Determinations and allocations by a Bank for purposes of this
Section of the effect of any Regulatory Change pursuant to the first or second
paragraph of this Section, on its costs or rate of return of making or
maintaining its Loan or portions thereof or on amounts receivable by it in
respect of its Loan or portions thereof, and the amounts required to compensate
such Bank under this Section, shall be conclusive absent manifest error.
To the extent that changing the jurisdiction of a Bank's Applicable
Lending Office would have the effect of minimizing Additional Costs, each such
Bank shall use reasonable efforts to make such a change, provided that same
would not otherwise be disadvantageous to each such Bank.
No Bank shall be entitled to any compensation pursuant to this
Section relating to any period more than ninety (90) days prior to the date
notice thereof is given to Borrower by such Bank.
Section 3.02 Limitation on Types of Loans. Anything herein to the
contrary notwithstanding, if, on or prior to the determination of the LIBOR
Interest Rate for any Interest Period:
(1) Administrative Agent determines (which determination shall be
conclusive) that quotations of interest rates for the relevant deposits
referred to in the definition of "LIBOR Interest Rate" in Section 1.01 are
not being provided in the relevant amounts or for the relevant maturities
for purposes of determining rates of interest for the LIBOR Loans as
provided in this Agreement; or
(2) a Bank determines (which determination shall be conclusive) and
promptly notifies Administrative Agent that the relevant rates of interest
referred to in the definition of "LIBOR Interest Rate" in Section 1.01
upon the basis of which the rate of interest for LIBOR Loans for such
Interest Period is to be determined do not adequately cover the cost to
such Bank of making or maintaining such LIBOR Loan for such Interest
Period;
then Administrative Agent shall give Borrower prompt notice thereof, and so long
as such condition remains in effect, the Banks (or, in the case of the
circumstances described in clause (2) above, the affected Bank) shall be under
no obligation to permit Elections of LIBOR Loans, to Convert Base Rate Loans
into LIBOR Loans or to Continue LIBOR Loans and Borrower shall, on the last
day(s) of the then current Interest Period(s) for the affected outstanding LIBOR
Loans, either (x) prepay the affected LIBOR Loans or (y) Convert the affected
LIBOR Loans into Base Rate Loans in accordance with Section 2.13.

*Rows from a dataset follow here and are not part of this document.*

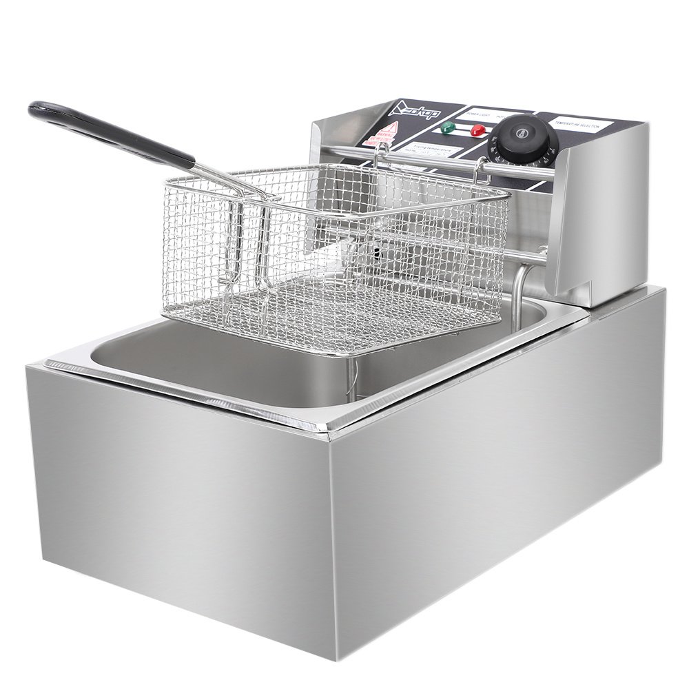 Introductions:This Stainless Steel Deep Fryer is durable for both home and commercial use. Easy to operate and clean. It is great for cooking French Fries, onion rings, egg rolls, fried chicken, panko shrimp and any other deep fried food.Features:1. Solid construction, made of heavy duty stainless steel2. Temperature indicator light displays when the fryer is heating the oil3. Heating pipe distributes even and quick heat4. Lid cover prevents the boil oil splashing and safely covers the oil when not in use5. Fryer basket with plastic handle prevents scalding of your hands and brings safe and easy operation6. Residue plate for filtering out the dregs7. Thickened tank for durable use, can be detached for easy cleaning8. Great for cooking French Fries, onion rings, egg rolls, fried chicken, panko shrimp and any other deep fried food9. Perfect for home and commercial useNotice: Please peel off the white plastic film before using.Specifications:1. MAX Power: 2500W2. Tank Capacity: 6.3QT/6L3. Voltage: 110V4. Frequency: 60Hz5. Temperature Range: 60℃ - 200℃ (140℉ - 392℉)6. Overall Dimensions: (17.3 x 11 x 12.2)" / (44 x 28 x 31))cm (L x W x H)7. Tank Dimensions: (11.8 x 9.5 x 5.9)" / (30 x 24 x 15)cm (L x W x H)8. Basket Dimensions: (8.3 x 7.3 x 4.1)" / (21 x 18.5 x 10.5)cm (L x W x H)9. Handle Length: 8.3" / 21.5cm10. Power Cord Length: 55" / 1.4m11. Weight: 8.6lbs / 3.9kgPackage Includes:1 x Single Tank Deep Fryer1 x Stainless Steel Basket1 x Handle1 x Stainless Steel Lid1 x Stainless Steel Residue Plate1 x Installation Package(4 x Feet 1 x Cover Handle)1 x Manual
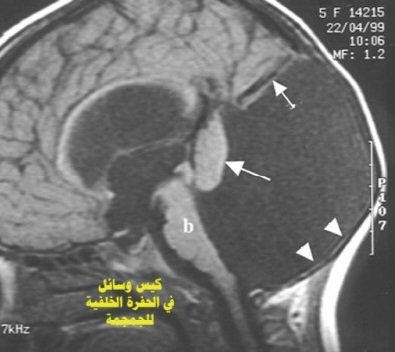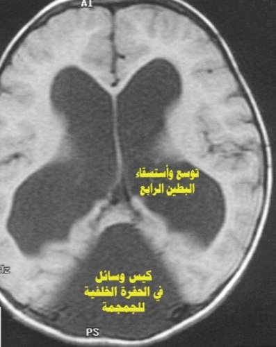 كما تتكون أكياس بحجم كرة الجولف عند المصابين بالأمراض الخلقية، و تورم مما يسبب ضغط متزايد على الدماغ، ويؤدي إلى ظهور مشاكل عصبية خطيرة.
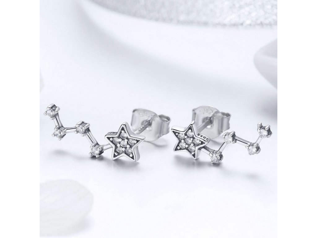 - Luxusné strieborné náušnice v dizajne trblietavej kométy zdobené čírymi zirkónmi. Náušnice sa dajú nosiť klasickým spôsobom alebo cez ucho.
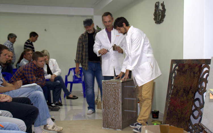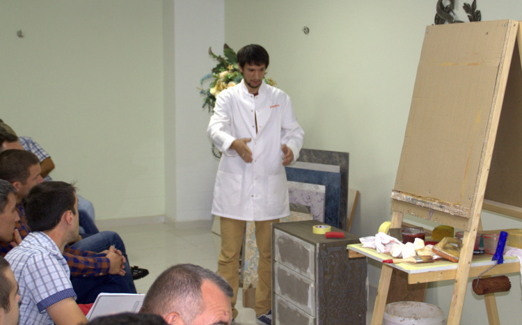 В продолжение темы декораторского искусства, наш мастер-класс мы посвятили презентации самых последних новинок компании, продемонстрировали техники работы с декоративными штукатурками и красками, поработали с трафаретами, создали винтажный комод.
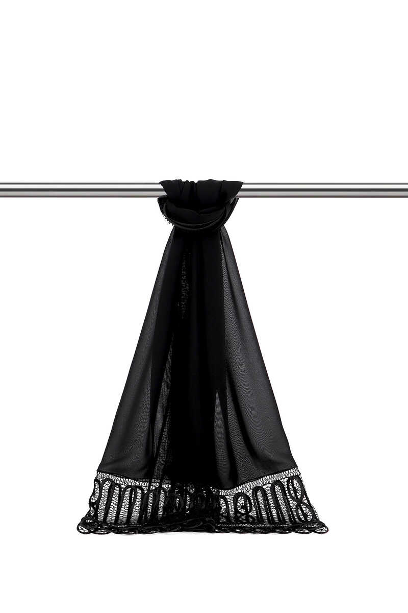 Siyah El İşi Dantel Angles Şal
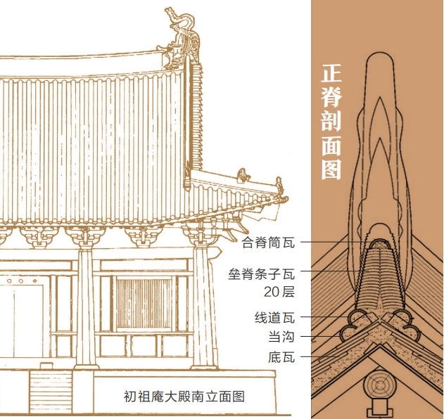 初祖庵大殿为单檐九脊殿,所谓“九脊殿”,其实就是业界所称的“歇山顶”。歇山顶共有九条屋脊,即一条正脊、四条垂脊和四条戗脊,因此又称“九脊顶”。
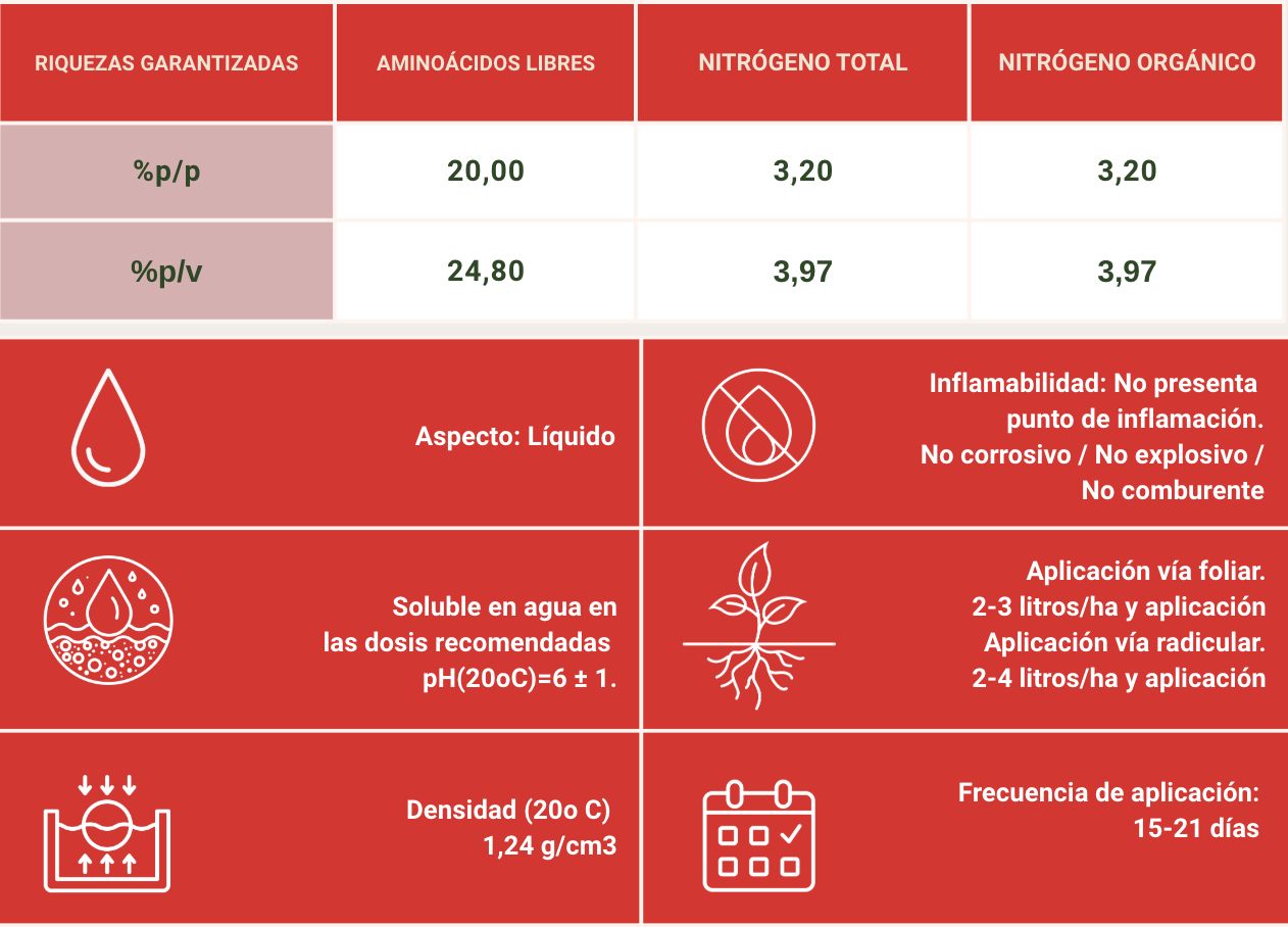 VEGEAMINO es un bioactivador a base de aminoácidos libres obtenidos mediante hidrólisis de proteínas de origen vegetal, que actúa como activador de la fisiología y de los procesos hormonales. Los elementos que contiene están destinados a estimular la función clorofílica de la planta y a acelerar el desarrollo vegetativo de los cultivos.
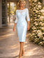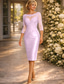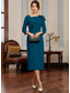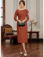 Linjeform Knelengde Festkjole Cocktail Kjole Gjestekjole til bryllup Kjole til brudens mor 3/4 ermer Besmykket Elegant Blomster Mor Jul Engasjement Cocktailfest Sateng med Knapper Appliqué
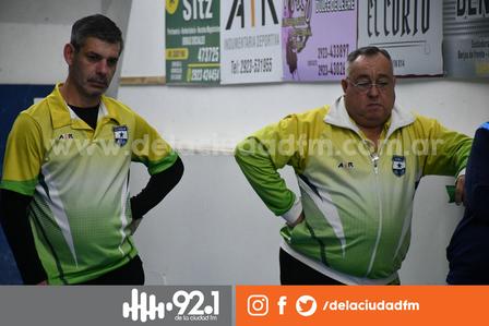 Nelson Trujillo, junto a Cristian Colón, con Walter Power en el banco de los relevos, juegan frente a Tiro Federal de Puan.
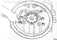 按圖示順序擰緊飛輪殼安裝螺栓。

Section 3.03 Illegality. Notwithstanding any other provision of this
Agreement, in the event that it becomes unlawful for any Bank or its Applicable
Lending Office to honor its obligation to make or maintain a LIBOR Loan
hereunder, to allow Elections of a LIBOR Loan or to Convert a Base Rate Loan
into a LIBOR Loan, then such Bank shall promptly notify Administrative Agent and
Borrower thereof and such Bank's obligation to make or maintain a
21
LIBOR Loan, or to permit Elections of, to Continue, or to Convert its Base Rate
Loan into, a LIBOR Loan shall be suspended (in which case the provisions of
Section 3.04 shall be applicable) until such time as such Bank may again make
and maintain a LIBOR Loan.
Section 3.04 Treatment of Affected Loans. If the obligations of any
Bank to make or maintain a LIBOR Loan, or to permit an Election of a LIBOR Loan,
to Continue its LIBOR Loan, or to Convert its Base Rate Loan into a LIBOR Loan,
are suspended pursuant to Sections 3.01 or 3.03 (each LIBOR Loan so affected
being herein called an "Affected Loan"), such Bank's Affected Loan shall be
automatically Converted into a Base Rate Loan on the last day of the then
current Interest Period for the Affected Loan (or, in the case of a Conversion
required by Sections 3.01 or 3.03, on such earlier date as such Bank may specify
to Borrower).
To the extent that such Bank's Affected Loan has been so Converted,
all payments and prepayments of principal which would otherwise be applied to
such Bank's Affected Loan shall be applied instead to its Base Rate Loan and
such Bank shall have no obligation to Convert its Base Rate Loan into a LIBOR
Loan.
In the event that the conditions giving rise to the suspension of
any Bank's obligations to permit an Election of a LIBOR Loan, to Continue its
LIBOR Loan, or to Convert its Base Rate Loan into a LIBOR Loan shall cease to
exist, such Bank shall provide Borrower with prompt written notice of same (with
a copy to Administrative Agent), and such Bank shall again be obligated to
permit an Election of a LIBOR Loan, to Continue its LIBOR Loan, or to Convert
its Base Rate Loan into a LIBOR Loan in accordance with this Agreement.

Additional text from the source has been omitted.